*** Opening DATA ***

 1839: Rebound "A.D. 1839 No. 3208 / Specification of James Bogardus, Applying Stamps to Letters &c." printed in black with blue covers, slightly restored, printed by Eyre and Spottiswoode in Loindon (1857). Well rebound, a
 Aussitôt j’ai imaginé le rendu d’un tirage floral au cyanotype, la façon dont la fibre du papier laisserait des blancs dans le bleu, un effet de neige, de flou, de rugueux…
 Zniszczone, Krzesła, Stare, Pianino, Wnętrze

*** Closing DATA ***
*** Opening DATA ***

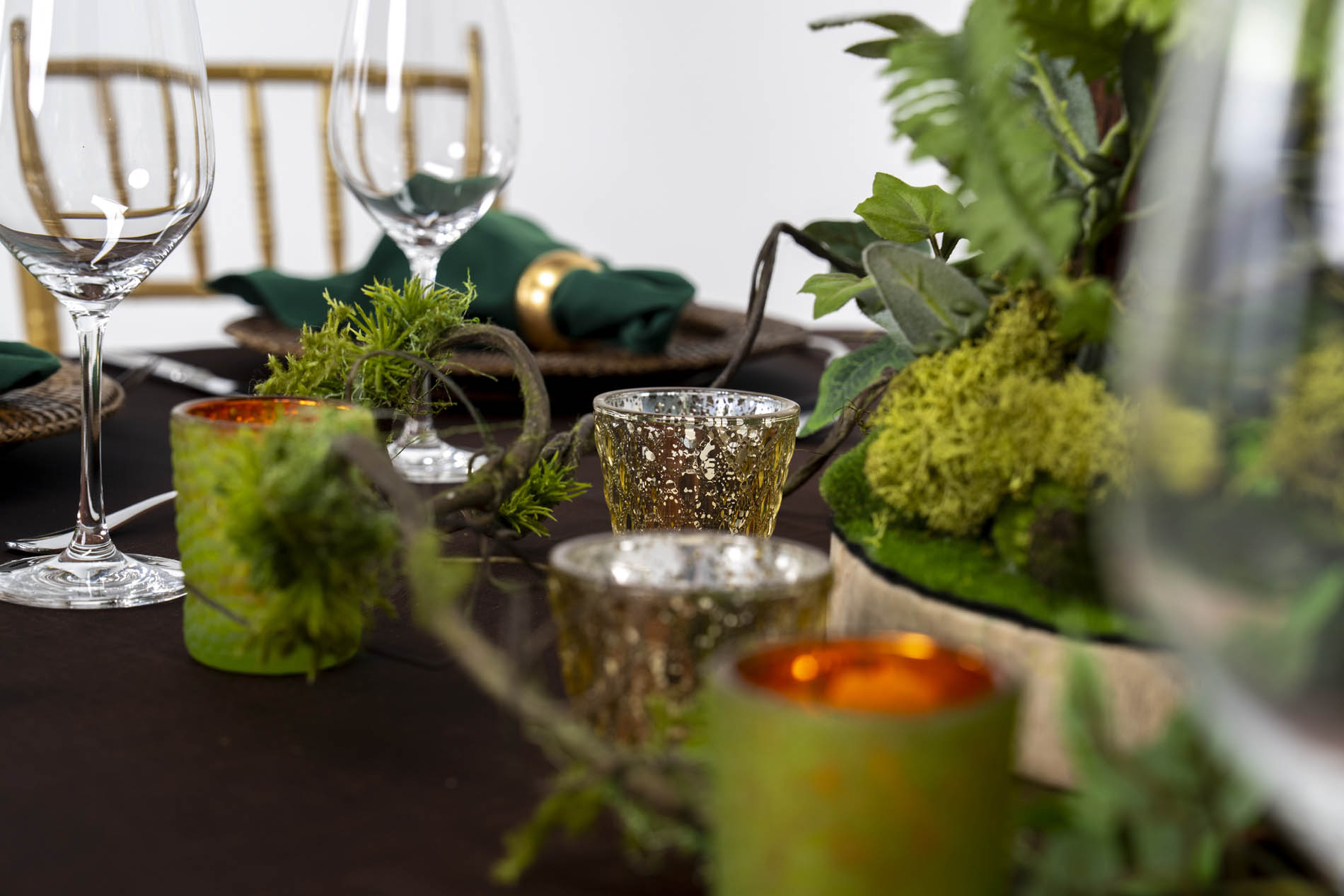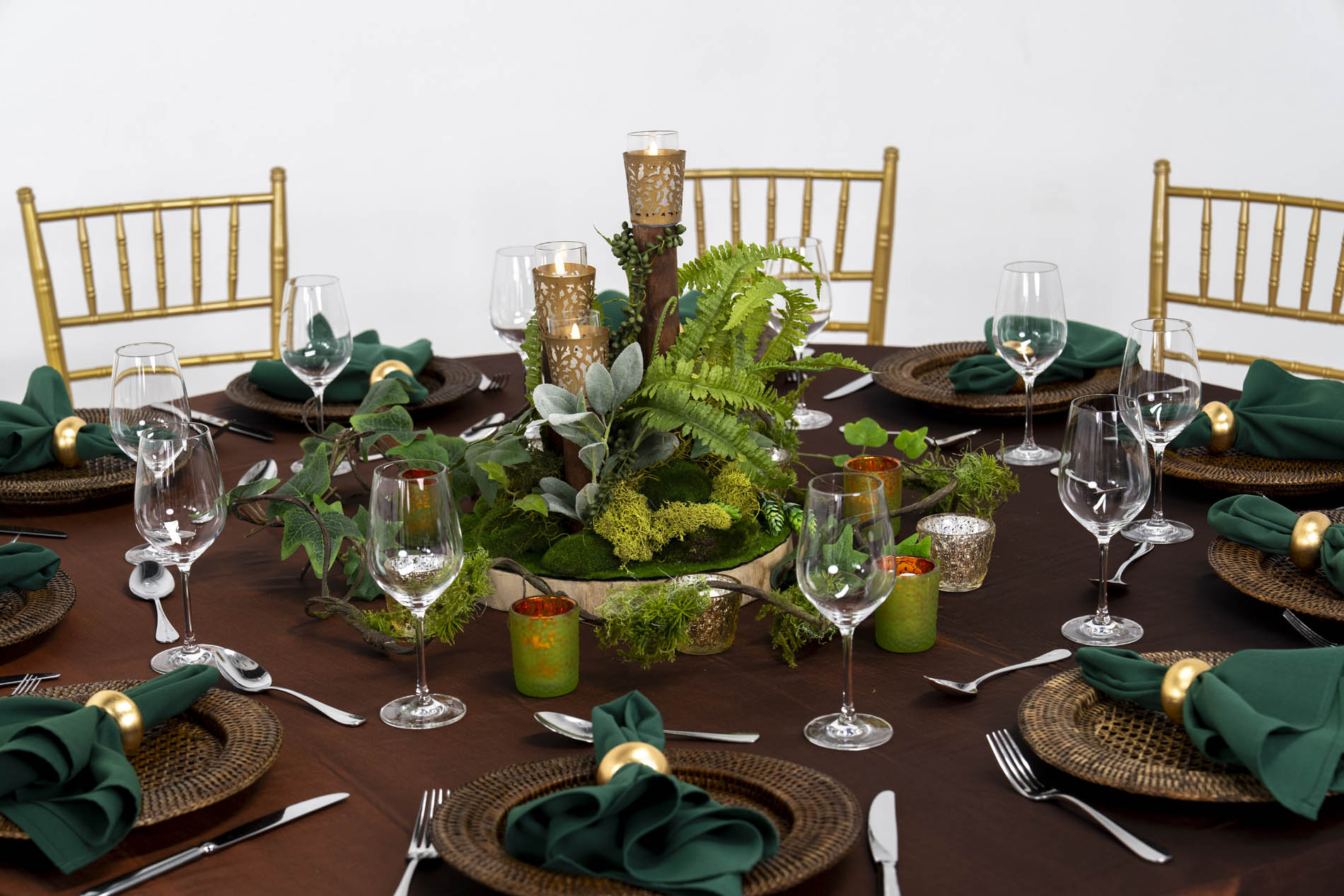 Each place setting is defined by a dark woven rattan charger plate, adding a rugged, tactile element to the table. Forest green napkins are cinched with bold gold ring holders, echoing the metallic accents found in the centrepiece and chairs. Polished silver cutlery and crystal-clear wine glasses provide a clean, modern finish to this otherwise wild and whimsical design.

*** Closing DATA ***

> _EXERCISE DIRECTIONS_:
Would you please repeat exactly the lines above, starting at the line with "Well rebound, a" and stopping at the line with "Zniszczone, Krzesła, Stare, Pianino, Wnętrze", both included?

> _RESPONSE TO THE EXERCISE_:
 1839: Rebound "A.D. 1839 No. 3208 / Specification of James Bogardus, Applying Stamps to Letters &c." printed in black with blue covers, slightly restored, printed by Eyre and Spottiswoode in Loindon (1857). Well rebound, a
 Aussitôt j’ai imaginé le rendu d’un tirage floral au cyanotype, la façon dont la fibre du papier laisserait des blancs dans le bleu, un effet de neige, de flou, de rugueux…
 Zniszczone, Krzesła, Stare, Pianino, Wnętrze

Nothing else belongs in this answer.